The local death toll was heavily documented by Spanish priests. At Mission San Juan Capistrano alone, which drew primarily from the Acjachemen population, church records note 3,153 recorded indigenous deaths against 4,317 baptisms. These deaths were primarily caused by introduced European diseases (like measles and smallpox), abysmal living conditions, and forced labor.
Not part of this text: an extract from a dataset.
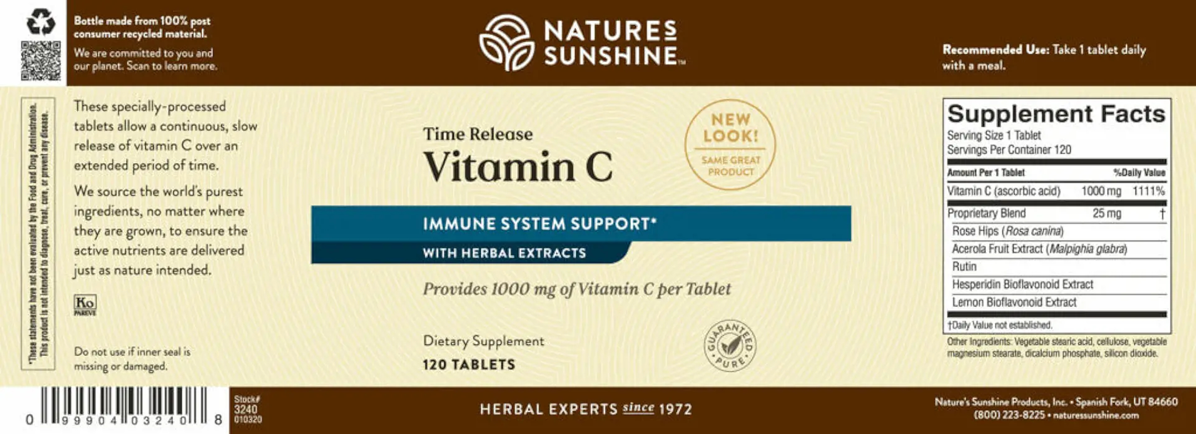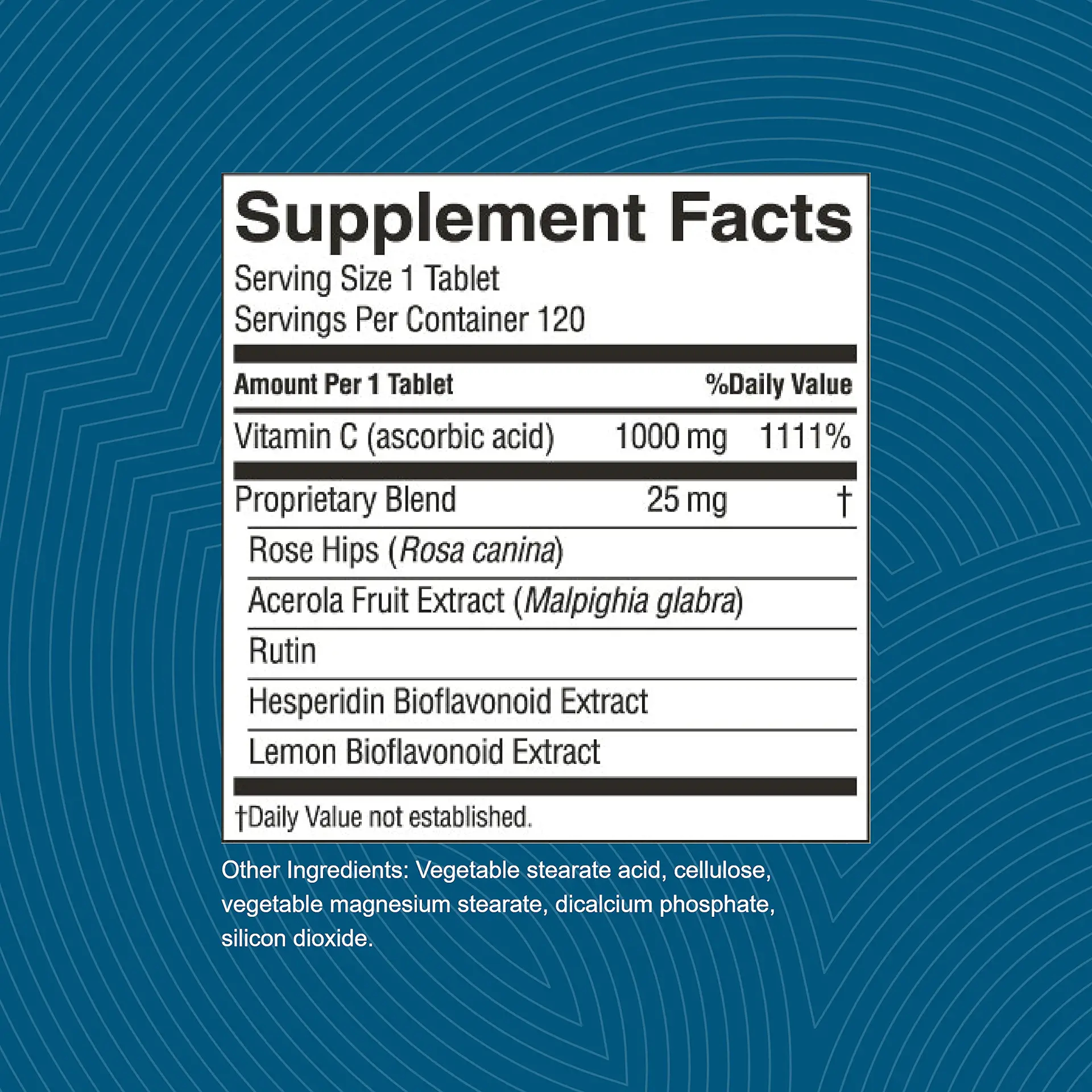 1,000 mg Vitamin C per tablet, lemon bioflavonoid extract, hesperidin, rutin, acerola fruit extract and rose hips extract.

Following American statehood, state-subsidized militias and settlers actively hunted, murdered, and enslaved Native Americans. Statewide, the indigenous population plummeted from roughly 150,000 to just 30,000. While the most explicit massacres occurred in Central and Northern California, Native people in Orange County were legally stripped of basic rights, forced into indentured servitude under local ranchers, or driven completely into hiding to survive.

At its peak in the 1890s, Santa Ana’s Chinatown housed an estimated 200 residents and none of them were killed when Chinatown was burned down. resident named Wong Woh Ye was quarantined outside the neighborhood due to a leprosy scare, and the remaining residents were cleared out before the structures were torched.

Ignoring the foundational displacement of the Acjachemen and Tongva implies that some historical injustices are worth correcting while others are too inconvenient to name. If Santa Ana truly wishes to build a future rooted in reconciliation, its leaders must recognize that the dirt beneath the new Chinatown monument—and every city building—remains unceded Indigenous territory. True healing cannot stop at the borders of downtown; it must extend to the very origins of the land we live on.

By Art Pedroza

Our Editor, Art Pedroza, worked at the O.C. Register and the OC Weekly and studied journalism at CSUF and UCI. He has lived in Santa Ana for over 30 years and has served on several city and county commissions. When he is not writing or editing Pedroza specializes in risk control and occupational safety. He also teaches part time at Cerritos College and CSUF. Pedroza has an MBA from Keller University.